* _Aim of the exercise_
Here the job is to retype the data word for word while leaving the pictures aside.

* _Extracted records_

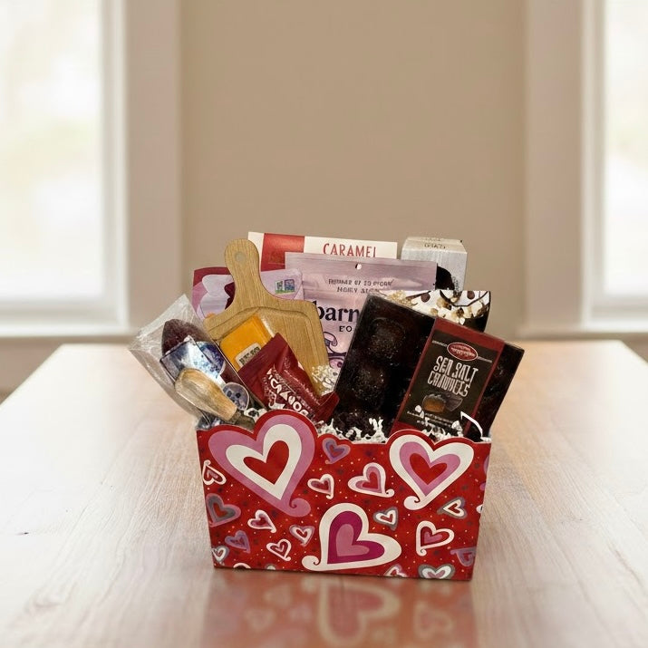 From rich artisan snacks to chocolatey treats meant to be savored, each item invites sharing—or quiet moments enjoyed together. Finished with a charming cutting board for effortless entertaining, this basket delivers romance in every detail.
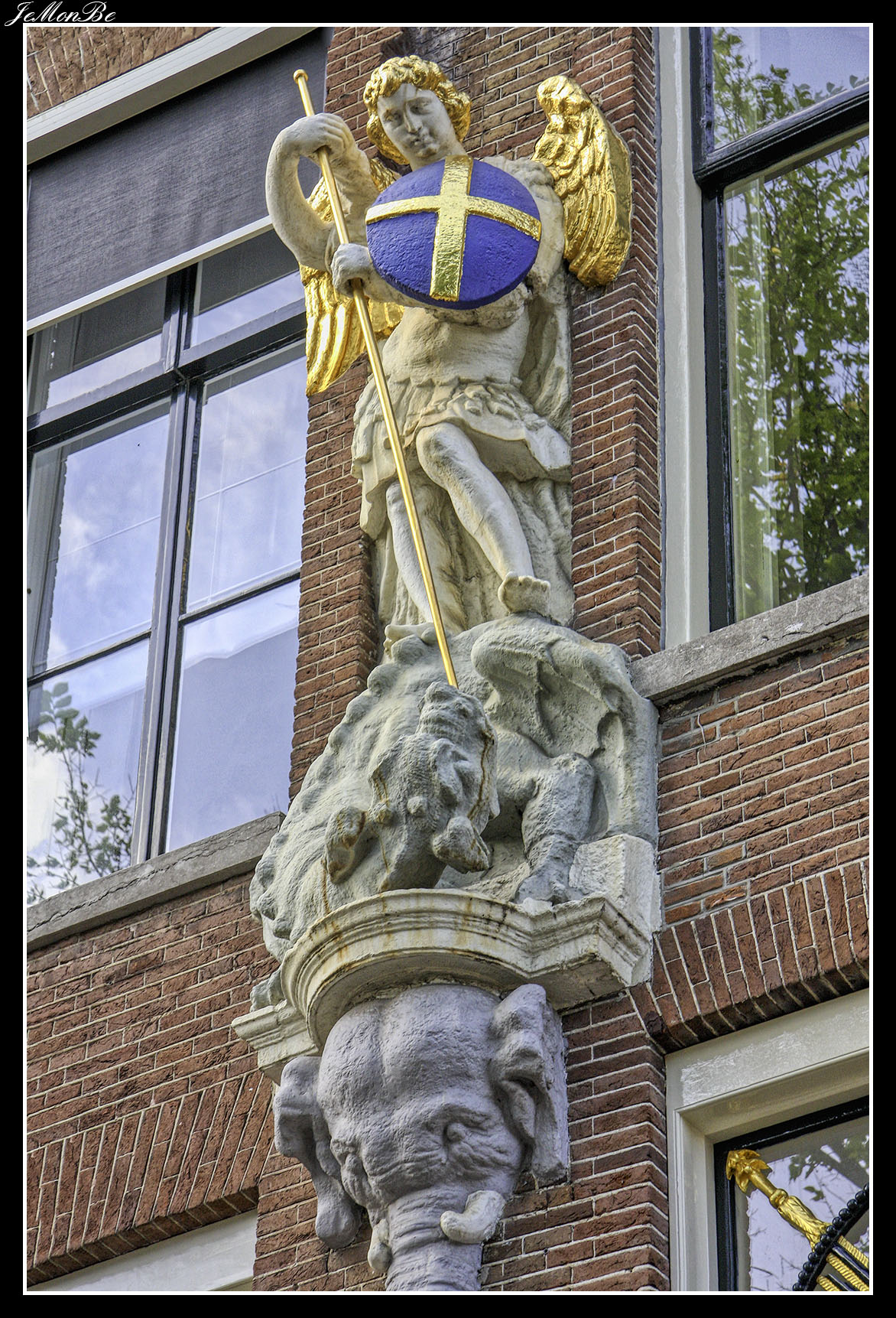 En la fachada del edificio ubicado en Herengracht 581, vemos al Arcángel San Miguel derrotando a un dragón o demonio y debajo una cabeza de elefante. El inmueble fue adquirido en 1664.
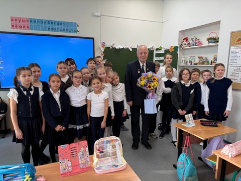 Сегодня в 4 «И» классе состоялся урок мужества. Его провел Владимир Антонович Муравский - член Совета Ветеранов, почетный хранитель школьного музея Боевого пути 13-й Гвардейской дивизии под командованием А.И. Родимцева, наставник юнармейского отряда нашей школы.
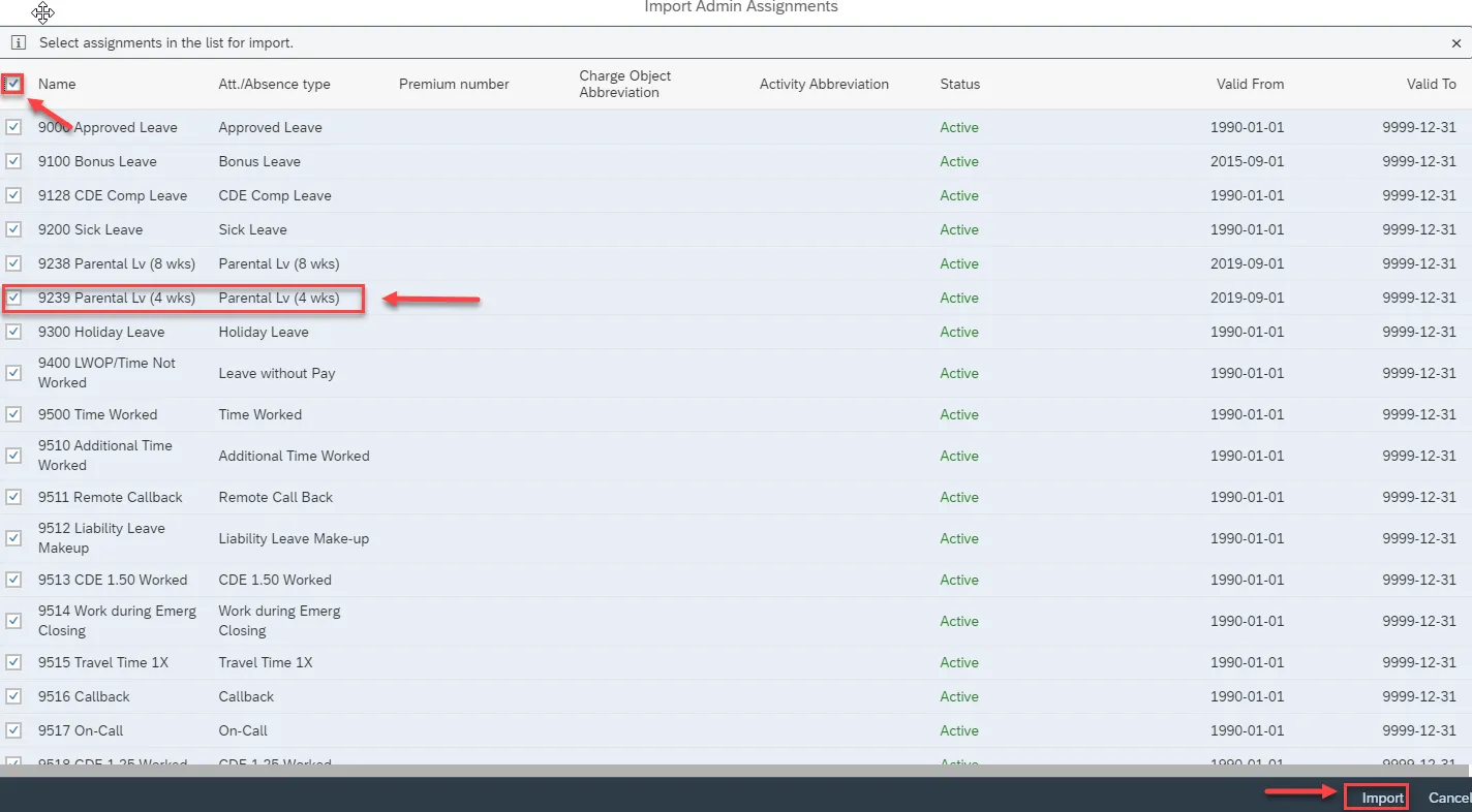 Step 6. At Name, click the check box to select All Attendance/Absence (Att./Abs) types or select them individually. We will select All, but de-select 9239 Parental Lv (4 Weeks). Then click on Import.
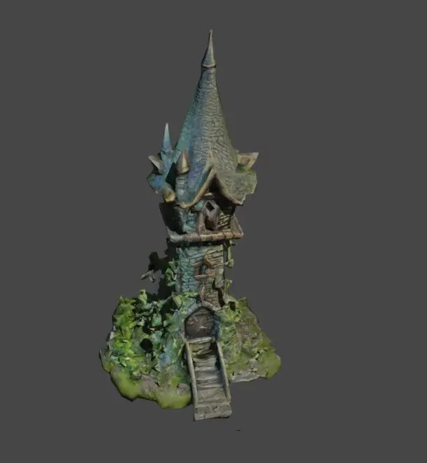 Use this to towers defense. Fantasy tower made of stone with a sharp roof and vegetation around. Low detail, for a top view.
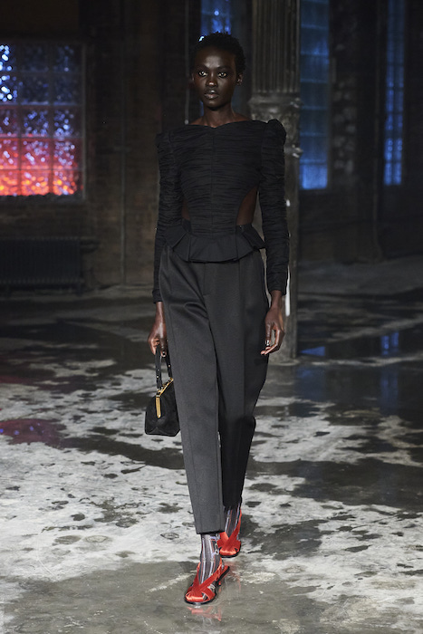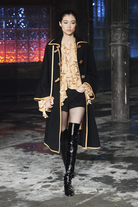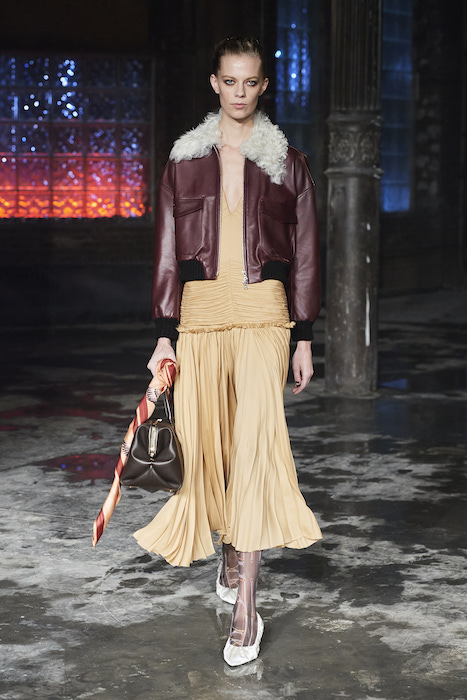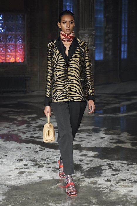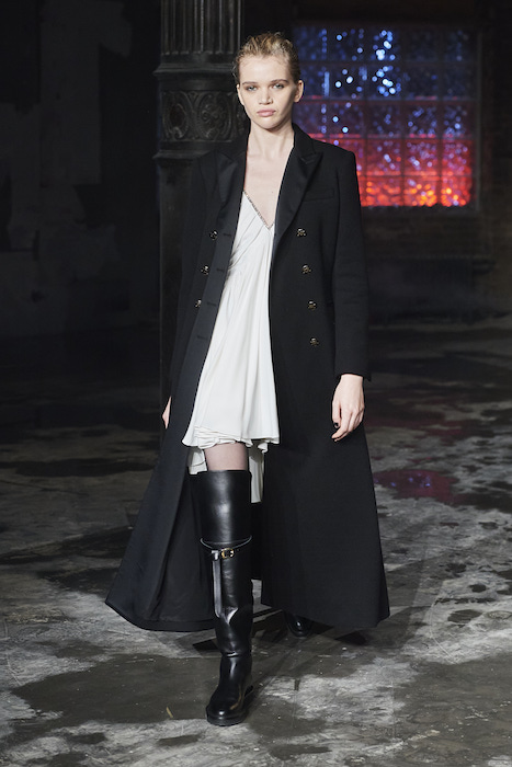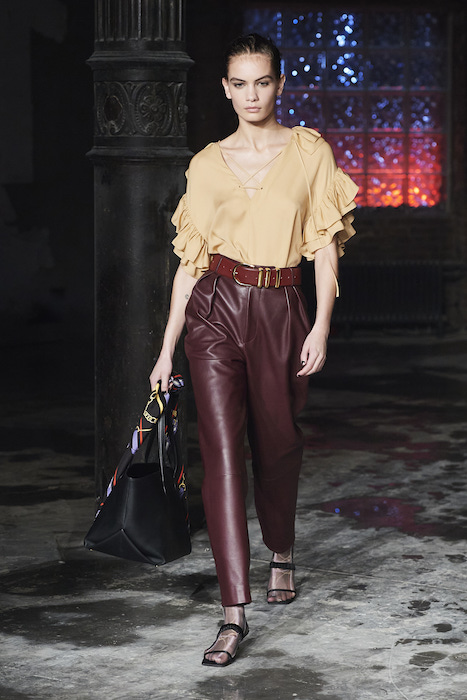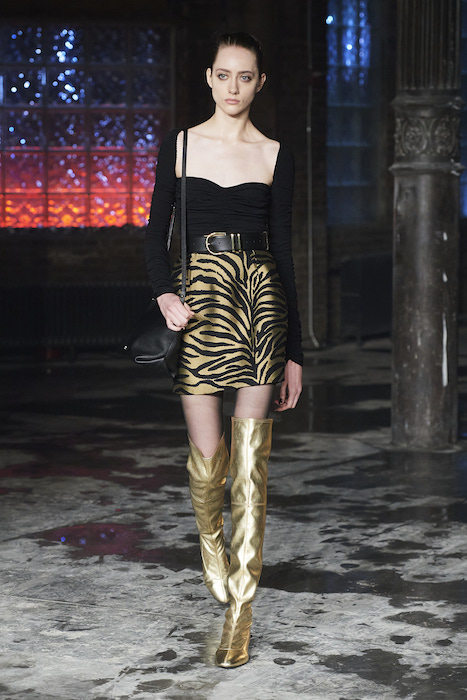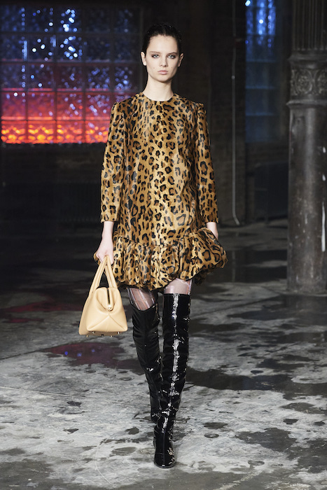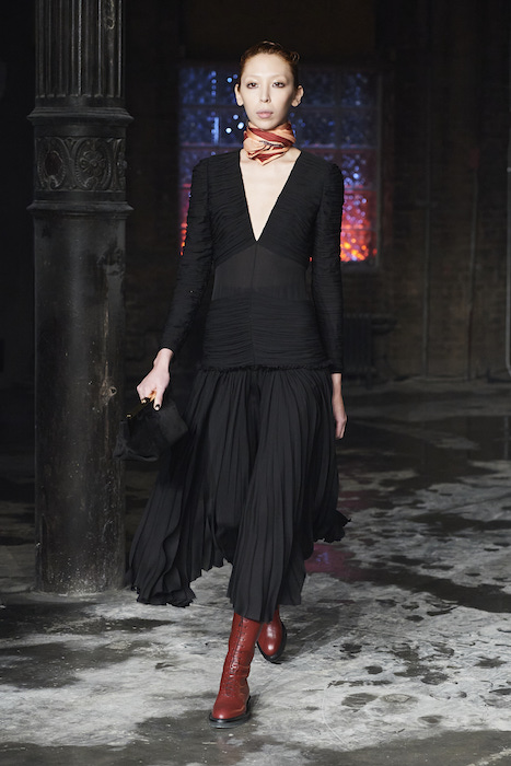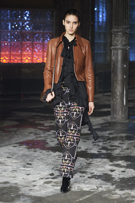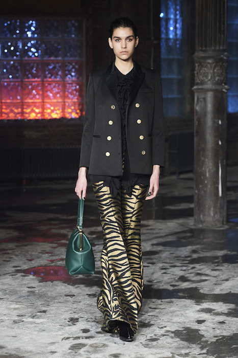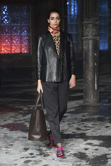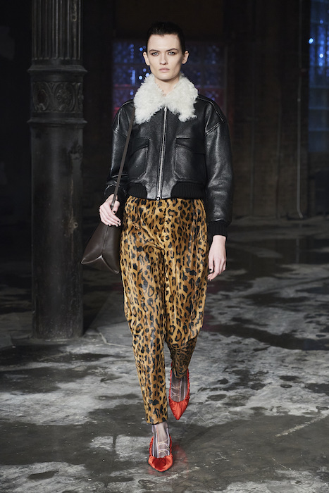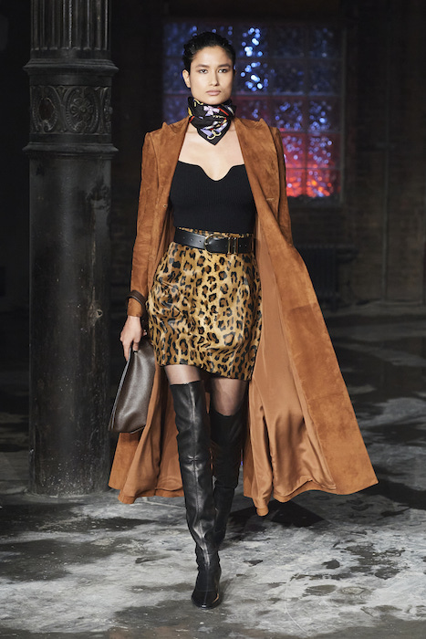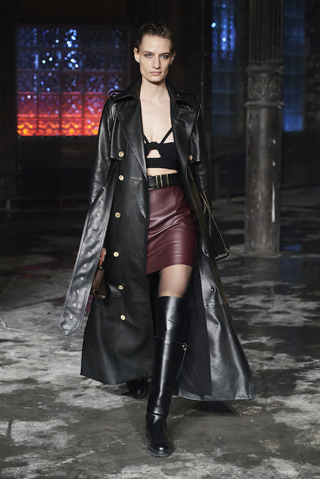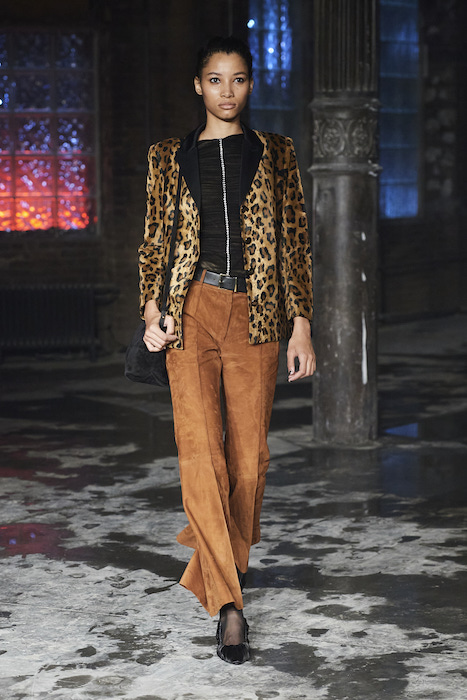 В новом сезоне бренд продолжает исследовать чувственную одежду, которая отвечает современным требованиям: выглядит сексуально, при этом комфортна, как тот кашемировый бра-диган. В осенне-зимней коллекции с этого ракурса рассмотрены шелковые блузки, леопардовые платья в оборках, романтичные кожаные пальто, трикотажные топы с акцентом на груди и ботфорты на плоском ходу.

* _Exercise output_
 From rich artisan snacks to chocolatey treats meant to be savored, each item invites sharing—or quiet moments enjoyed together. Finished with a charming cutting board for effortless entertaining, this basket delivers romance in every detail.
 En la fachada del edificio ubicado en Herengracht 581, vemos al Arcángel San Miguel derrotando a un dragón o demonio y debajo una cabeza de elefante. El inmueble fue adquirido en 1664.
 Сегодня в 4 «И» классе состоялся урок мужества. Его провел Владимир Антонович Муравский - член Совета Ветеранов, почетный хранитель школьного музея Боевого пути 13-й Гвардейской дивизии под командованием А.И. Родимцева, наставник юнармейского отряда нашей школы.
 Step 6. At Name, click the check box to select All Attendance/Absence (Att./Abs) types or select them individually. We will select All, but de-select 9239 Parental Lv (4 Weeks). Then click on Import.
 Use this to towers defense. Fantasy tower made of stone with a sharp roof and vegetation around. Low detail, for a top view.
 В новом сезоне бренд продолжает исследовать чувственную одежду, которая отвечает современным требованиям: выглядит сексуально, при этом комфортна, как тот кашемировый бра-диган. В осенне-зимней коллекции с этого ракурса рассмотрены шелковые блузки, леопардовые платья в оборках, романтичные кожаные пальто, трикотажные топы с акцентом на груди и ботфорты на плоском ходу.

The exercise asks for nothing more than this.